Redenen voor toename en afname van vraag (toegelicht met diagram)

Redenen voor toename en afname van de vraag!

Nu, als de andere dingen, dat wil zeggen, bepalende factoren van de vraag, anders dan de prijs zoals de smaak en voorkeuren van de consument, het inkomen, de prijs van de gerelateerde goederen veranderen, zal de gehele vraagcurve veranderen. Wanneer door de veranderingen in deze andere factoren de vraagcurve naar boven verschuift, zou de toename van de vraag hebben plaatsgevonden.

Toename van de vraag betekent dat de consument meer van het goede koopt tegen verschillende prijzen dan voorheen. Als het inkomen van een consument bijvoorbeeld toeneemt of de mode voor een product toeneemt, koopt de consument grotere hoeveelheden van de goederen dan voorheen tegen verschillende prijzen. Als gevolg hiervan zal de gehele vraagcurve naar boven verschuiven, stroom beschouwt Figuur 7.

In het begin is de vraagcurve DD. Als er een gunstige verandering is in de factoren die de vraag bepalen en de vraagcurve voor de goederen naar D'D 'verschuift, is er een toename in de vraag opgetreden. Uit figuur 7 zal duidelijk zijn dat wanneer de vraagcurve voor de goederen DD is, de prijs OF, OM-hoeveelheid van de goederen wordt geëist, maar met de vraagcurve D'D ', tegen dezelfde prijs OP, een grotere hoeveelheid OH is vereist.

Evenzo wordt bij andere prijzen ook bij de vraagcurve D'D 'meer hoeveelheid gevraagd dan bij de vraagcurve DD. We hebben hierboven uitgelegd hoe de toename van de vraag plaatsvindt.

In korte tijd neemt de vraag toe vanwege de volgende redenen: -

(i) De mode voor goederen neemt toe of de smaak en voorkeuren van mensen worden gunstiger voor het goede;

(ii) het inkomen van de consument neemt toe.

(iii) De prijzen van de vervangers van de goederen in kwestie zijn gestegen.

(iv) Prijzen van complementaire goederen zijn gedaald.

(v) De neiging om te consumeren van de mensen is toegenomen en

(vi) Als gevolg van de toename van de bevolking en als gevolg van de uitbreiding van de markt, is het aantal consumenten van de goederen toegenomen.
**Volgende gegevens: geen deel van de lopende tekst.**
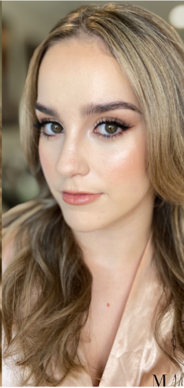
SOFT GLAM NEUTRAL TONE
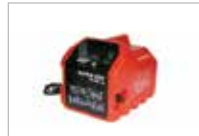
PRESSURE TEST PUMP ELECTRIC
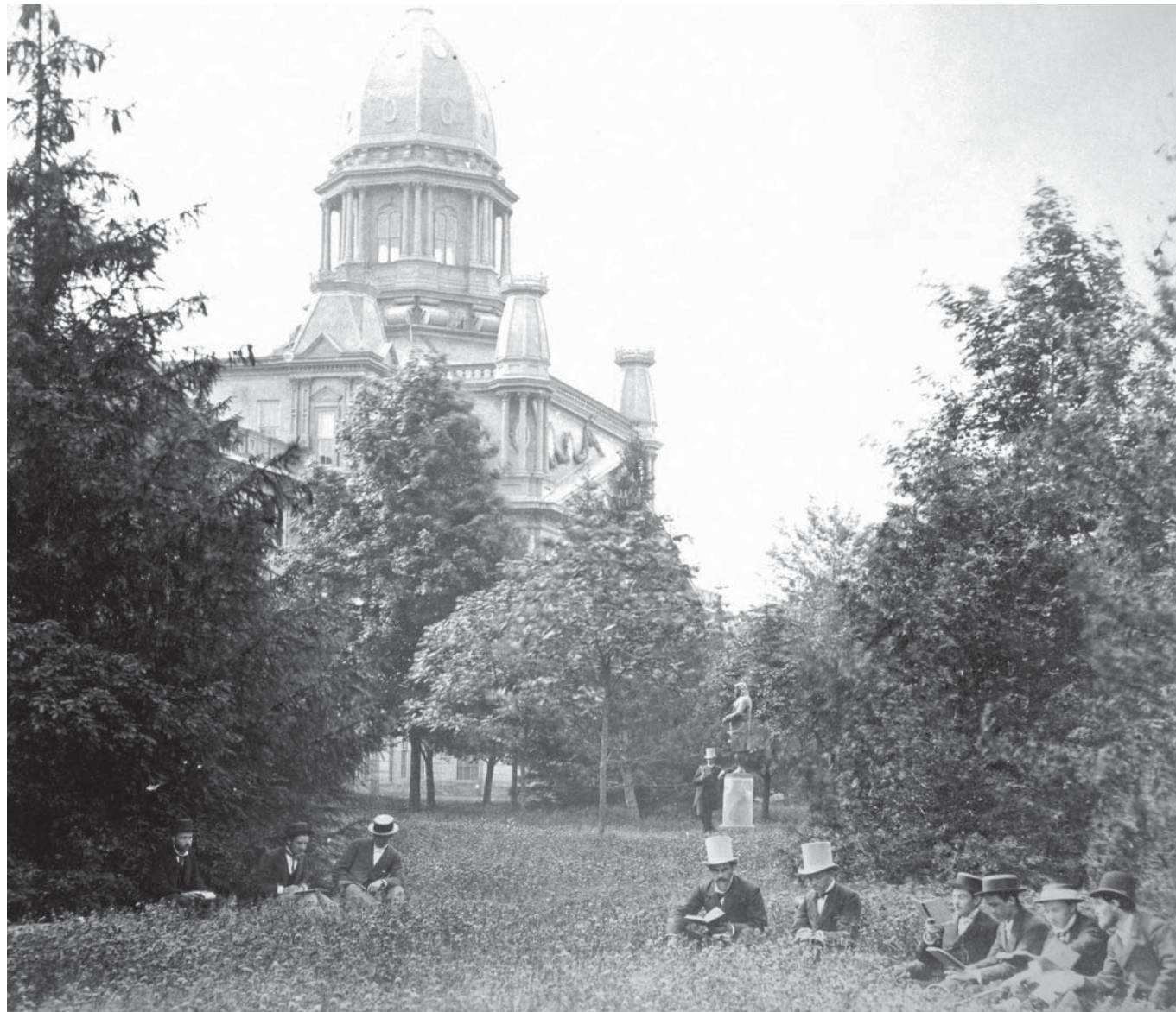
Sophomore class of 1877 in front of University Hall.

“As important to this process is memory, which is not the same as history. Here we are asking what of the university’s past can and should we remember, recall, and memorialize, and how should we do that.”
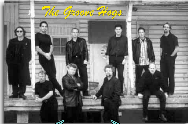
The Groove Hogs
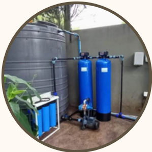
Residential and commercial water supply

This process involves exchanging the calcium and magnesium ions with sodium or potassium ions, resulting in softened water that is less likely to cause scale buildup.
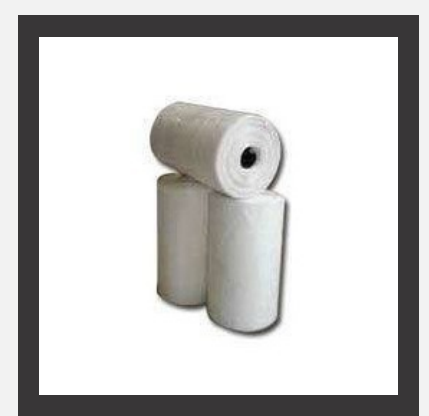
PP Laminated Fabrics
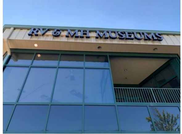
RV Hall of Fame
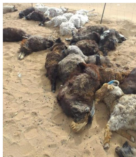
Livestock killed by the storm in Dundgovi province.

Families mentioned the preference for cash assistance as the modality for support in order for families to repair or rebuild their gers (traditional houses) and other types of houses. Even though there are 1.6 million livestock missing, it's still uncertain if all livestock are really perished or went stray due to the storm. It is known by the assessment team that no herder household had lost all their livestock, as identified in the needs assessment among the community, livestock loss was not considered to be a major issue.
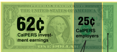
For the City of San Ramon, CalPERS payments come from the General Fund

The California Public Employees' Retirement System (CalPERS) is the largest pension system in the country. It was established in 1932 as a defined benefit pension system. That means that employees who vest in the system – typically after five years of service – have a right to collect a monthly payment at retirement for the rest of their lives. CalPERS gets its funding from three sources: Employer contributions, Employee contributions and investment returns.
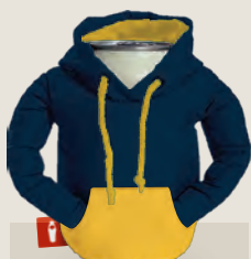
NAVY BLUE/CANARY DO1229-487
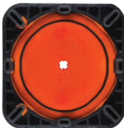
Bottom of Cone
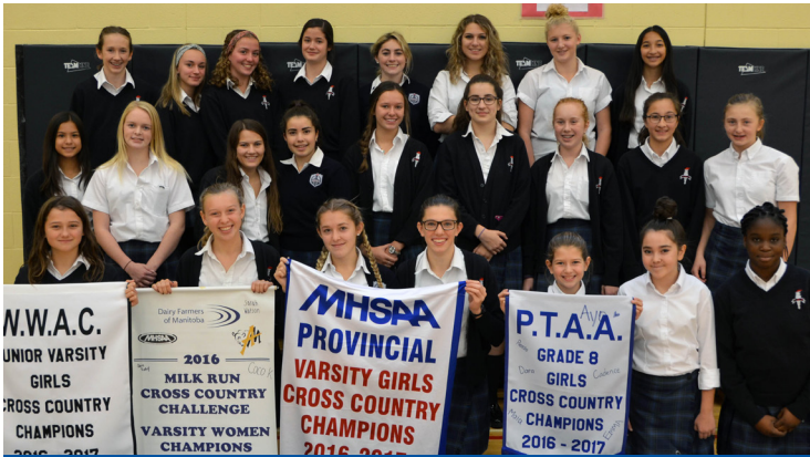
Cross Country Champions
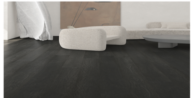
Black Mussel 941112

Images are an indication of colour only. Variations in colour & appearance are to be expected between images & samples.
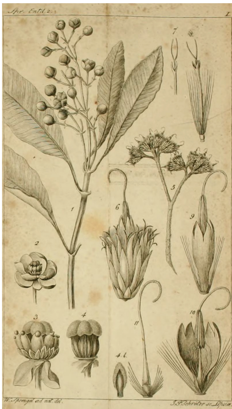
Figure 1. Lectotype (1–4b) of Bertolonia paniculata Spreng. (≡ Tovomitopsis paniculata (Spreng.) Planch. & Triana) published by Sprengel (1821) in “Neue Entdeckungen im ganzen Umfang der Pflanzenkunde II”.
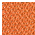
5306 Del Ray
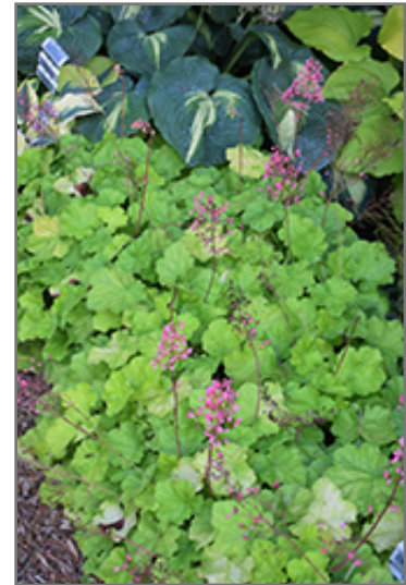
Primo Pretty Pistachio Coral Bells in bloom

This is a relatively low maintenance plant, and should be cut back in late fall in preparation for winter. It is a good choice for attracting butterflies and hummingbirds to your yard. It has no significant negative characteristics.

Als er een wijziging is, zal de vraag toenemen en zal de vraagcurve naar een opwaartse positie verschuiven.

Neem nu de vraag van afname van de vraag. Terwijl de inkrimping van de vraag de afname impliceert van de gevraagde hoeveelheid als gevolg van de prijsstijging, daalt de vraagcurve door de hele vraagcurve naar een lagere positie. Met andere woorden, daling van de vraag betekent dat tegen verschillende prijzen minder gevraagd wordt dan voorheen. De afname van de vraag doet zich niet voor als gevolg van de prijsstijging, maar als gevolg van de veranderingen in andere determinanten van de vraag.

Daling van de vraag kan optreden vanwege de volgende redenen:

(i) Een goed is uit de mode geraakt of de smaak van het volk voor een goed is afgenomen.

(ii) Inkomsten van consumenten zijn gevallen.

(iii) De prijzen van de substituten van de waar zijn gedaald.

(iv) De prijzen van de complementen van die grondstof zijn gestegen en

(v) De neiging om het volk te consumeren is afgenomen. Met andere woorden, de neiging om te sparen is toegenomen.

Toename en afname van de vraag is weergegeven in figuur 7. In deze figuur is DD de vraagcurve voor de goederen in het begin. Als door bovenstaande redenen de vraag naar goederen daalt, zal de hele vraagcurve naar beneden verschuiven. In figuur 7 is als gevolg van de daling van de vraag de vraagcurve naar beneden verschoven naar de positie D "D".

Het is nu duidelijk uit de figuur dat wanneer de vraagcurve van DD naar D "D" verschuift, bij prijs OP de vereiste hoeveelheid daalt van OM naar OL. Een blik op de vraagcurve D "D" zal onthullen dat bij andere prijzen dan Op ook minder hoeveelheid van het goed wordt geëist bij de vraagcurve D "D" dan bij de vraagcurve DD.